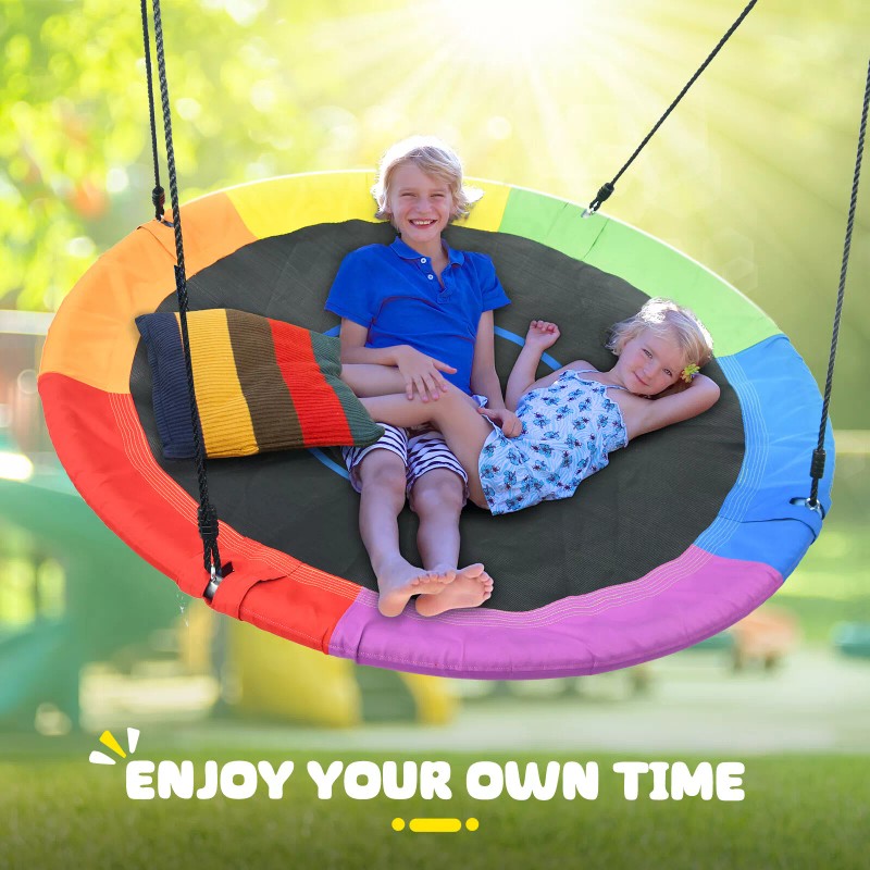 • Upgraded cricle swing seat: Made of high quality material, the large round swing seat is wear-resistant,UV-resistant, lasts for many seasons of play
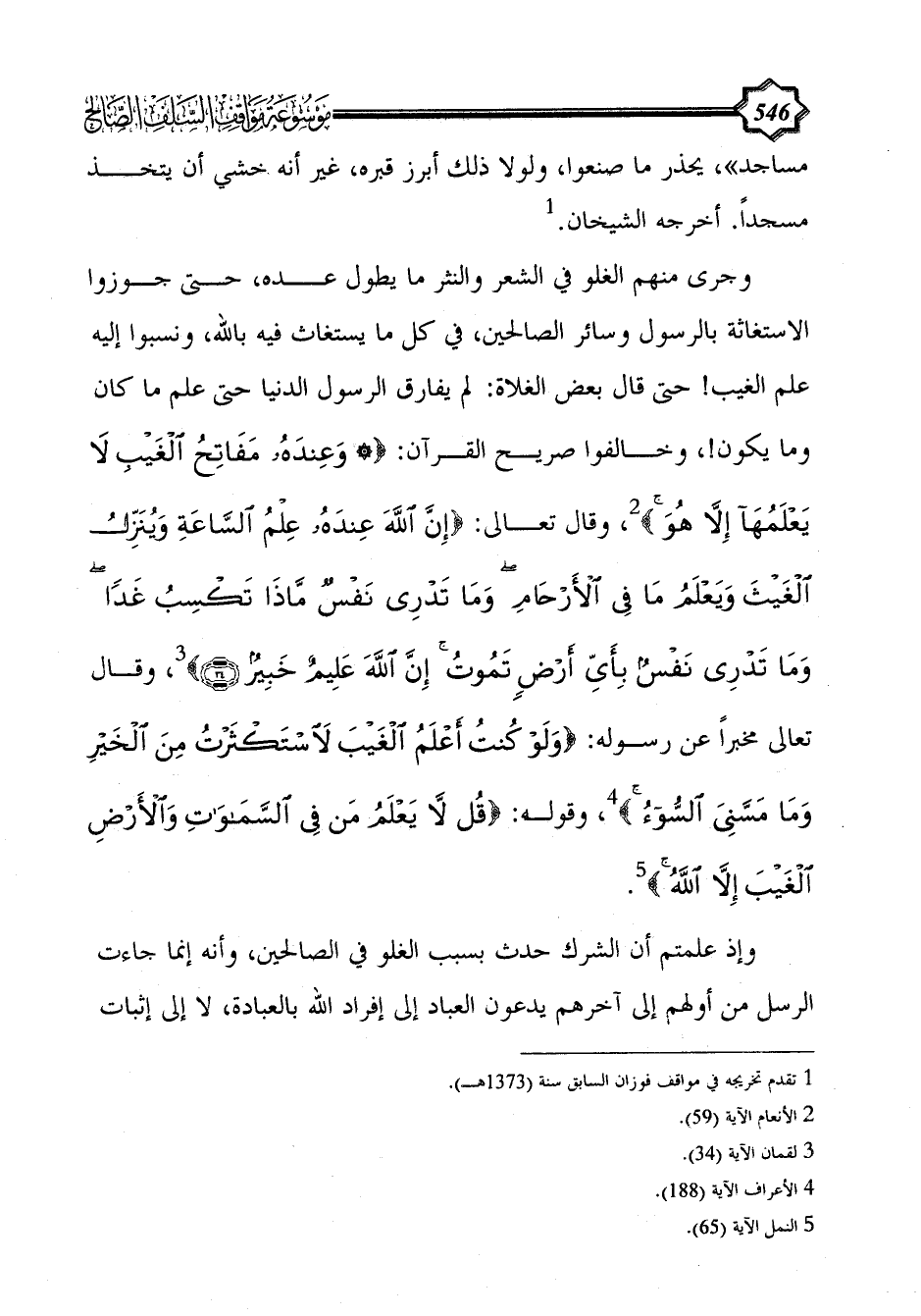 وجرى منهم الغلو في الشعر والنثر ما يطول عده، حتى جوزوا الاستغاثة بالرسول وسائر الصالحين، في كل ما يستغاث فيه بالله، ونسبوا إليه علم الغيب! حتى قال بعض الغلاة: لم يفارق الرسول الدنيا حتى علم ما كان وما يكون!، وخالفوا صريح القرآن: {* وَعِنْدَهُ مَفَاتِحُ الْغَيْبِ لَا يَعْلَمُهَا إِلَّا هُوَ} (¬2)، وقال تعالى: {إِنَّ اللَّهَ عِنْدَهُ عِلْمُ السَّاعَةِ وَيُنَزِّلُ الْغَيْثَ وَيَعْلَمُ مَا فِي الْأَرْحَامِ وَمَا تَدْرِي نَفْسٌ مَاذَا تَكْسِبُ غَدًا وَمَا تَدْرِي نَفْسٌ بِأَيِّ أَرْضٍ تَمُوتُ إِنَّ اللَّهَ عَلِيمٌ خَبِيرٌ (34)} (¬3)، وقال تعالى مخبراً عن رسوله: {وَلَوْ كُنْتُ أَعْلَمُ الْغَيْبَ لَاسْتَكْثَرْتُ مِنَ الْخَيْرِ وَمَا مَسَّنِيَ السُّوءُ} (¬4)، وقوله: {قُلْ لَا يَعْلَمُ مَنْ فِي السَّمَاوَاتِ وَالْأَرْضِ الْغَيْبَ إِلَّا اللَّهُ} (¬5).
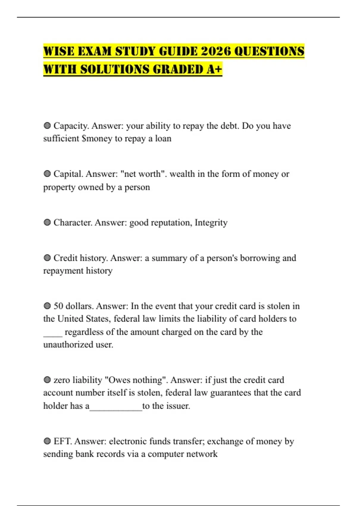 ◍ Credit history. Answer: a summary of a person's borrowing and

→ **Your assignment**:
None of the pictures belong in the copy; repeat all other material exactly.

→ **Written reply**:
 • Upgraded cricle swing seat: Made of high quality material, the large round swing seat is wear-resistant,UV-resistant, lasts for many seasons of play
 وجرى منهم الغلو في الشعر والنثر ما يطول عده، حتى جوزوا الاستغاثة بالرسول وسائر الصالحين، في كل ما يستغاث فيه بالله، ونسبوا إليه علم الغيب! حتى قال بعض الغلاة: لم يفارق الرسول الدنيا حتى علم ما كان وما يكون!، وخالفوا صريح القرآن: {* وَعِنْدَهُ مَفَاتِحُ الْغَيْبِ لَا يَعْلَمُهَا إِلَّا هُوَ} (¬2)، وقال تعالى: {إِنَّ اللَّهَ عِنْدَهُ عِلْمُ السَّاعَةِ وَيُنَزِّلُ الْغَيْثَ وَيَعْلَمُ مَا فِي الْأَرْحَامِ وَمَا تَدْرِي نَفْسٌ مَاذَا تَكْسِبُ غَدًا وَمَا تَدْرِي نَفْسٌ بِأَيِّ أَرْضٍ تَمُوتُ إِنَّ اللَّهَ عَلِيمٌ خَبِيرٌ (34)} (¬3)، وقال تعالى مخبراً عن رسوله: {وَلَوْ كُنْتُ أَعْلَمُ الْغَيْبَ لَاسْتَكْثَرْتُ مِنَ الْخَيْرِ وَمَا مَسَّنِيَ السُّوءُ} (¬4)، وقوله: {قُلْ لَا يَعْلَمُ مَنْ فِي السَّمَاوَاتِ وَالْأَرْضِ الْغَيْبَ إِلَّا اللَّهُ} (¬5).
 ◍ Credit history. Answer: a summary of a person's borrowing and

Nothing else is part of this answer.